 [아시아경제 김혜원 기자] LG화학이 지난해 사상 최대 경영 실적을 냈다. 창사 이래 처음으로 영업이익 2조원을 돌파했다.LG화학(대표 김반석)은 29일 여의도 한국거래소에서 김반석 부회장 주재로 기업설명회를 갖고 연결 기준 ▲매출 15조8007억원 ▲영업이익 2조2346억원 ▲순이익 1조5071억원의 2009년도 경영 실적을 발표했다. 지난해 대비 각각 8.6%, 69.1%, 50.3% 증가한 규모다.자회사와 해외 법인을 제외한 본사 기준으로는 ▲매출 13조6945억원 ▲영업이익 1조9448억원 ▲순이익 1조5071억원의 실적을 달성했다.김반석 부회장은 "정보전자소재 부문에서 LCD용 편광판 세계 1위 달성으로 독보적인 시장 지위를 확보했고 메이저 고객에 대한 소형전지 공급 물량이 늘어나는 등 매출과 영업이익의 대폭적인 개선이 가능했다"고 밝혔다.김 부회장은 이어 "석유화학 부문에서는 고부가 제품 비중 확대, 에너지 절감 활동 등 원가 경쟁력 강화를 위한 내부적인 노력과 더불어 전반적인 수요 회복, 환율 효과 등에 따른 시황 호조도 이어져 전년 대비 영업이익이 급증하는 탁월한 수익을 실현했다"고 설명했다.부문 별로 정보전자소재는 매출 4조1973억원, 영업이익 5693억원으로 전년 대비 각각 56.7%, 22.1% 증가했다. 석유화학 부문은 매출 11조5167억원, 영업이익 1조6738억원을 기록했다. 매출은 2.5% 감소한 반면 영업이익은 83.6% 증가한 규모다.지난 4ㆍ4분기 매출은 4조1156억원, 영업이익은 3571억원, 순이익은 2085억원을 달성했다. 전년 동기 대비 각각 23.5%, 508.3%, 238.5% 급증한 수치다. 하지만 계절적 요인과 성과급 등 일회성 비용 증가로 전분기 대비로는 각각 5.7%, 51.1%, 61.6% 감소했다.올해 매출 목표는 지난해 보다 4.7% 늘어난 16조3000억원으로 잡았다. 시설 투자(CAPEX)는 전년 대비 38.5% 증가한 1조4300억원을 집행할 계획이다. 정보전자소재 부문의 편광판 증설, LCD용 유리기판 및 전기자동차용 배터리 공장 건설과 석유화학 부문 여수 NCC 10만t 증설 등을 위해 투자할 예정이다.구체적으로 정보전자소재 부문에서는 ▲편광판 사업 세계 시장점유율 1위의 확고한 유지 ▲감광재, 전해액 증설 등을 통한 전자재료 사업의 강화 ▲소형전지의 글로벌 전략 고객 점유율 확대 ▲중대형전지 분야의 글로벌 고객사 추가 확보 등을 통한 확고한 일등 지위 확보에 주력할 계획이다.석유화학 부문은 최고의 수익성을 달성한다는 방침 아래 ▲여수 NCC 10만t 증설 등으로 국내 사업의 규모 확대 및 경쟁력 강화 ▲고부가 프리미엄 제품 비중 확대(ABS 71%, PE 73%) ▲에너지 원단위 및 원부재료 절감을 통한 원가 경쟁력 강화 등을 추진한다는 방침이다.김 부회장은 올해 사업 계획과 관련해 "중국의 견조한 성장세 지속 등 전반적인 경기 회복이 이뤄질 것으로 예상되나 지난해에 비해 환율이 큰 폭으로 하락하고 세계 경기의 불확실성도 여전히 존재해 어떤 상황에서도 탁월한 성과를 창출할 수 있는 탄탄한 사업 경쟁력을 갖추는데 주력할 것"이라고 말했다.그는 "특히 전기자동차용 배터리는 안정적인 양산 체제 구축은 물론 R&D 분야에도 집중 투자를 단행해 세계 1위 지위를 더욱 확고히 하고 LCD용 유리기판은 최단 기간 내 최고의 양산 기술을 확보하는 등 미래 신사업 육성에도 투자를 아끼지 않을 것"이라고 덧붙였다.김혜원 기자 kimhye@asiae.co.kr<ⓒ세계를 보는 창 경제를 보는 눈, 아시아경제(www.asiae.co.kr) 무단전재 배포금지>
===
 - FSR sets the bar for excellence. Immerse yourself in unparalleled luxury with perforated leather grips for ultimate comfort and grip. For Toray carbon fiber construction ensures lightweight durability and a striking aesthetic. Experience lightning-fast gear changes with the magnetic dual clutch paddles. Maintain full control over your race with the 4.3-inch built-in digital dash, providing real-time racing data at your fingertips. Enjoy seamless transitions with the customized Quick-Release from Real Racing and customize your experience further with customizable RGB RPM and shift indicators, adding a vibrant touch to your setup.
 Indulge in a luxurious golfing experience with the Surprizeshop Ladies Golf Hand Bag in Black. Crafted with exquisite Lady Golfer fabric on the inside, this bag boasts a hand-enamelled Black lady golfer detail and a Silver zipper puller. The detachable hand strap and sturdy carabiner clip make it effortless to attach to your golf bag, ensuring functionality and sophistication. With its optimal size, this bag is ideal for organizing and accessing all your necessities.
===
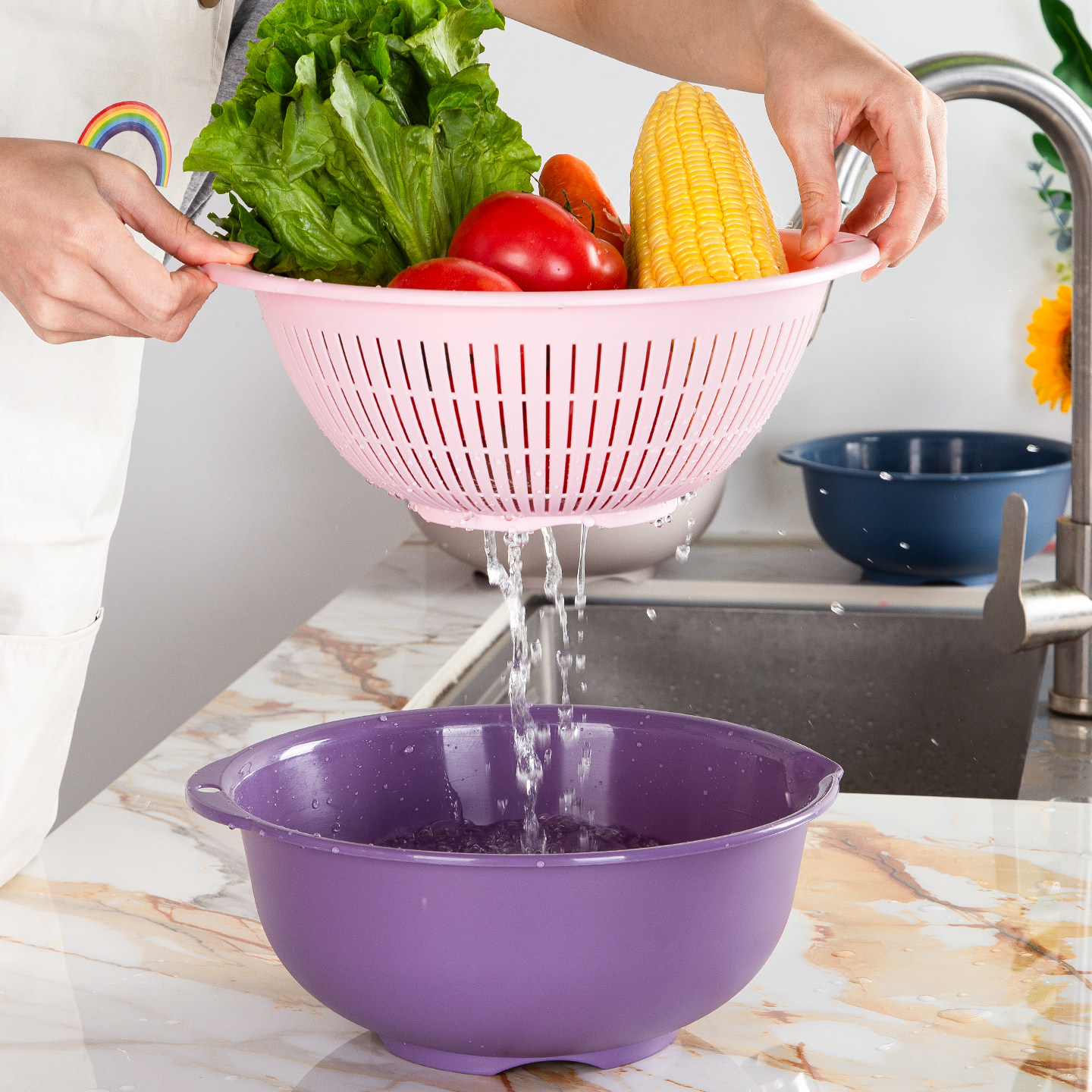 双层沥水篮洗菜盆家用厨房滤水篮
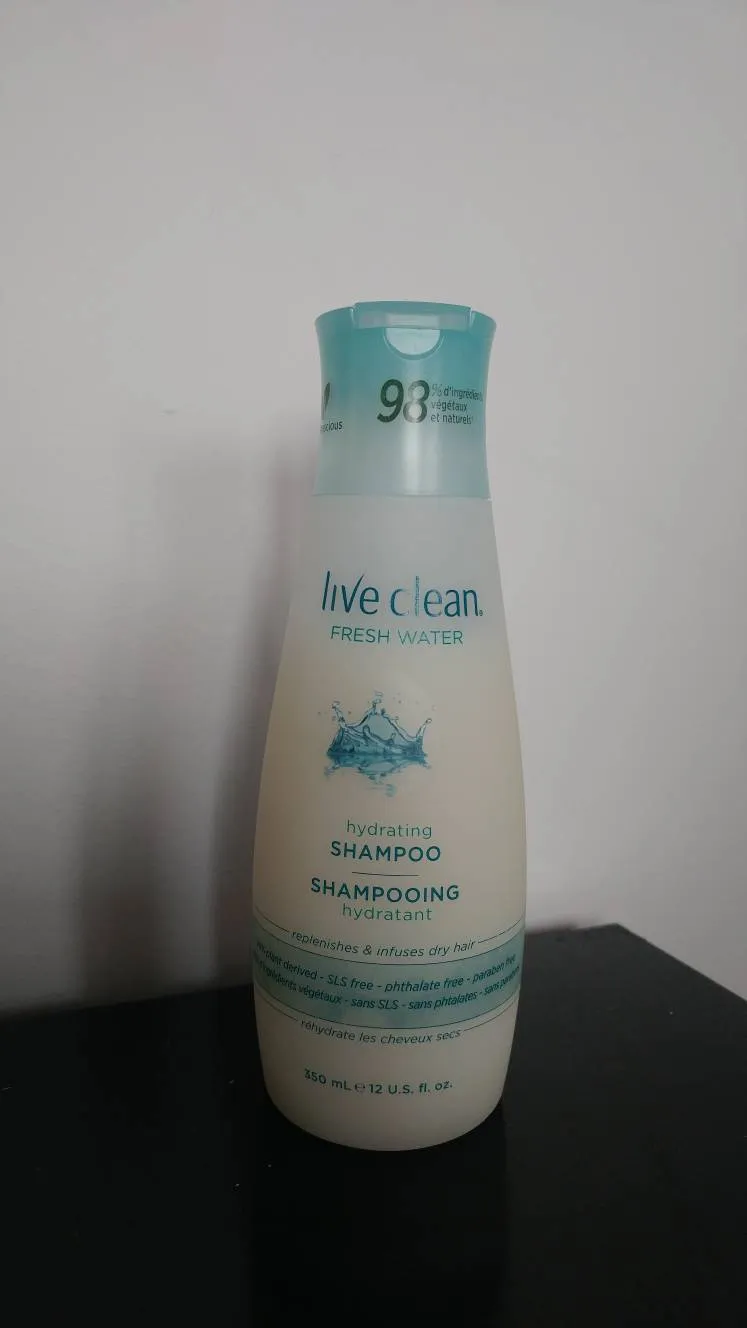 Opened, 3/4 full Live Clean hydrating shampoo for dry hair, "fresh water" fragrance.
===
* WHAT IS BEING ASKED
Where a line above holds the string "with", show that line.

* SOLUTION
 - FSR sets the bar for excellence. Immerse yourself in unparalleled luxury with perforated leather grips for ultimate comfort and grip. For Toray carbon fiber construction ensures lightweight durability and a striking aesthetic. Experience lightning-fast gear changes with the magnetic dual clutch paddles. Maintain full control over your race with the 4.3-inch built-in digital dash, providing real-time racing data at your fingertips. Enjoy seamless transitions with the customized Quick-Release from Real Racing and customize your experience further with customizable RGB RPM and shift indicators, adding a vibrant touch to your setup.
 Indulge in a luxurious golfing experience with the Surprizeshop Ladies Golf Hand Bag in Black. Crafted with exquisite Lady Golfer fabric on the inside, this bag boasts a hand-enamelled Black lady golfer detail and a Silver zipper puller. The detachable hand strap and sturdy carabiner clip make it effortless to attach to your golf bag, ensuring functionality and sophistication. With its optimal size, this bag is ideal for organizing and accessing all your necessities.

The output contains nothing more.